Il Tribunale ha evidenziato che:
- Dovere di cooperazione: Entrambe le parti hanno il dovere di cooperare per la realizzazione dell’interesse della controparte. Il cliente, una volta informato dell’errore nell’invio, avrebbe dovuto semplicemente re-inoltrare la richiesta all’indirizzo corretto, una soluzione più semplice e meno dispendiosa per tutti.
- Condotta pretestuosa: L’aver preferito attendere il decorso dei 90 giorni per poi agire in via monitoria è stato visto come un comportamento strumentale, non finalizzato a ottenere i documenti ma a incardinare un giudizio.
- Configurazione dell’abuso del diritto: Tale comportamento, reiterato in altri giudizi con lo stesso modus operandi, configura un’ipotesi di abuso del diritto. Il cliente ha utilizzato una prerogativa legale per uno scopo diverso da quello per cui era stata prevista, violando l’impegno di solidarietà contrattuale.
- Responsabilità aggravata: La conseguenza diretta dell’aver agito in giudizio con malafede è stata la condanna per responsabilità aggravata ex art. 96 c.p.c. Il Tribunale ha liquidato in via equitativa un importo a titolo di risarcimento del danno, oltre a un’ulteriore somma per la Cassa delle Ammende.
Conclusioni: Le Implicazioni Pratiche
Questa sentenza lancia un messaggio chiaro: i diritti devono essere esercitati in modo leale e corretto. Il cliente ha pieno diritto di accedere alla documentazione che lo riguarda, ma deve farlo seguendo le procedure indicate e collaborando con l’istituto di credito. Le strategie processuali aggressive e pretestuose, mirate più a ottenere una condanna alle spese che a tutelare un interesse concreto, non solo non trovano tutela nell’ordinamento, ma possono essere severamente sanzionate. Per i consumatori e le associazioni che li rappresentano, ciò significa agire con diligenza, assicurandosi di aver esperito ogni tentativo di risoluzione bonaria prima di adire le vie legali, per non trasformare un diritto in un boomerang economico e legale.
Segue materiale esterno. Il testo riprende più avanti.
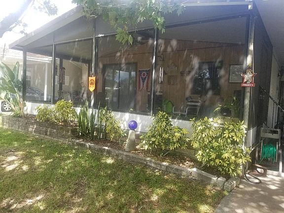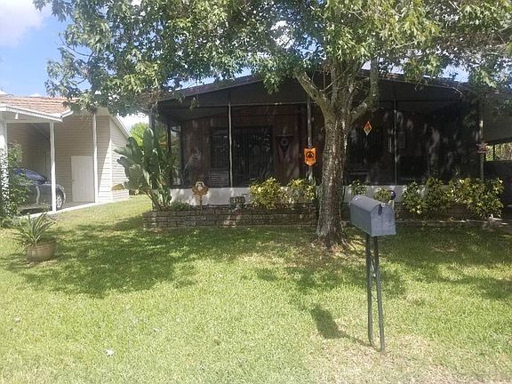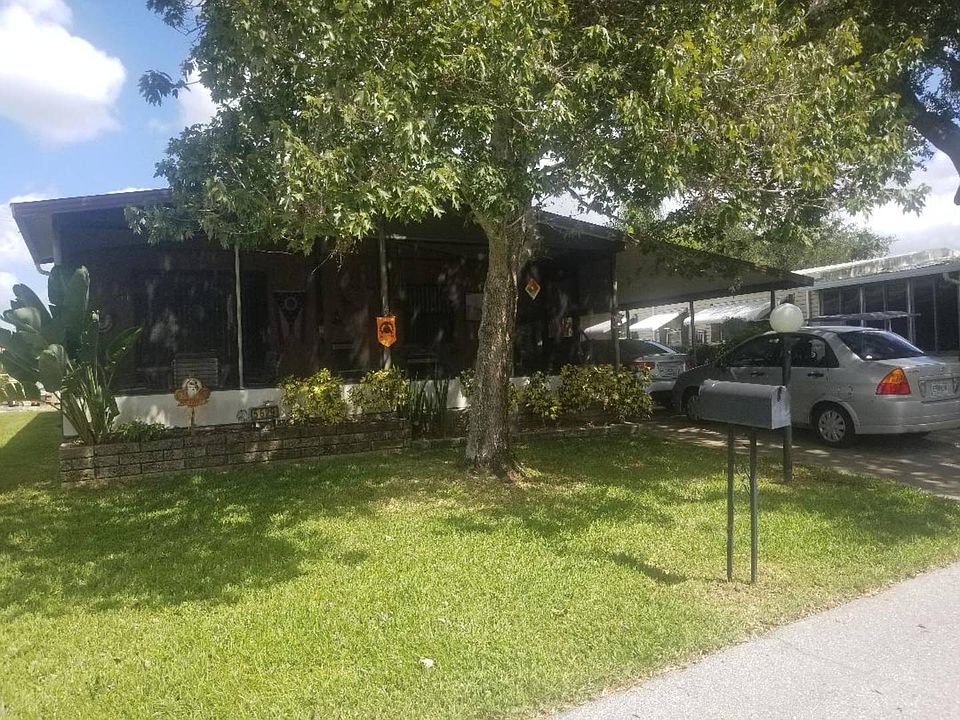 Welcome to Sunny Florida where you will find this attractive, spacious 2 bedroom 2 bath home. It features a refrigerator, stove and microwave and dishwasher. The floors are 4 years old and are laminated and also vinyl. The walls are dry wall and the ceilings are paneled. The air conditioner is 2 years old. This home comes partially furnished. It has great walk-in closets, a screened in porch and sunroom. The carport is a good size and there is also an attached storage shed. A golf cart is included and this lovely home is near the clubhouse and the pool. The lot rent is 805.00. Located in a 55+ community, this park offers a clubhouse, pool, fitness room, library, game room, billiards and fishing and is pet friendly. So why wait, call me to view this amazing home.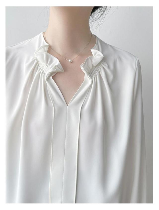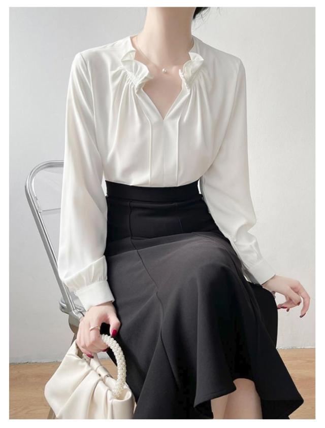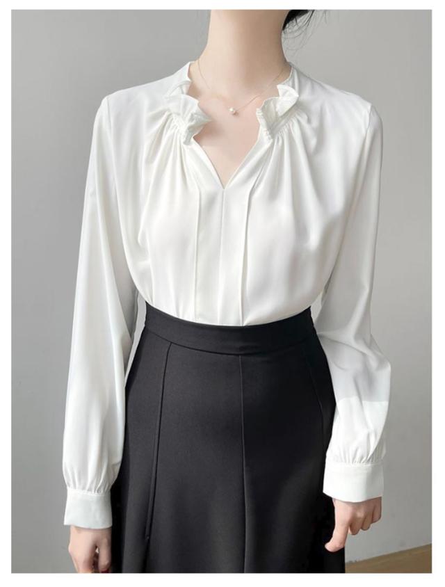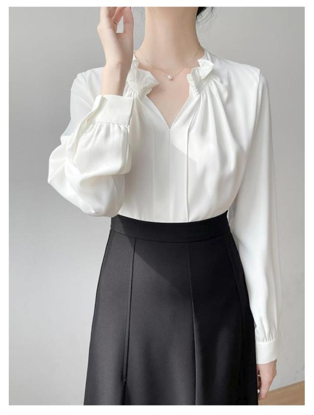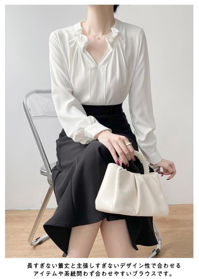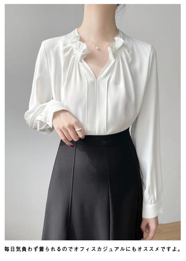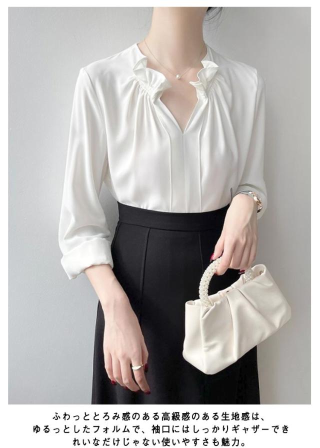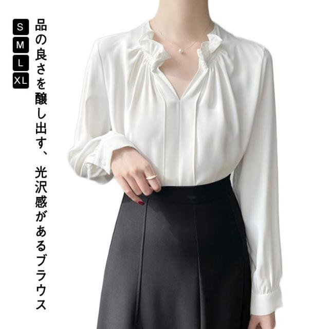 透けない オフィス 華やか フリルネック ブラウス トップス スーツ ブラウス フリル襟 ハイネック レース袖 フォーマル 仕事着 シャツ インナー 光沢感 ギャザー カジュアル シフォン 春夏秋 通勤 仕事 おしゃれ ゆったり 大きいサイズ 20代30代40代50代

È sempre legittimo per un cliente bancario richiedere la documentazione contrattuale?
Sì, il diritto del cliente di ottenere la documentazione relativa al proprio rapporto contrattuale è tutelato dagli artt. 117 e 119 del Testo Unico Bancario. Tuttavia, l’esercizio di questo diritto deve avvenire nel rispetto dei principi di buona fede e correttezza.
Cosa succede se un cliente invia una richiesta di documenti a un ufficio bancario non competente?
Se la banca fornisce tempestivamente le indicazioni corrette per inoltrare la richiesta all’ufficio competente, il cliente è tenuto a cooperare. Ignorare tali indicazioni e procedere per vie legali può essere considerato un comportamento contrario a buona fede e un abuso del diritto, come stabilito nella sentenza in esame.
Quando una richiesta di documenti può essere considerata un abuso del diritto?
Secondo la sentenza, si configura un abuso del diritto quando il comportamento del richiedente, pur formalmente legittimo, viola il dovere di buona fede e correttezza. Ciò accade, ad esempio, quando la richiesta viene usata in modo strumentale non per ottenere realmente i documenti, ma per creare un pretesto per avviare un’azione legale, come nel caso di invio deliberato a un indirizzo errato e successivo rifiuto di correggere l’errore.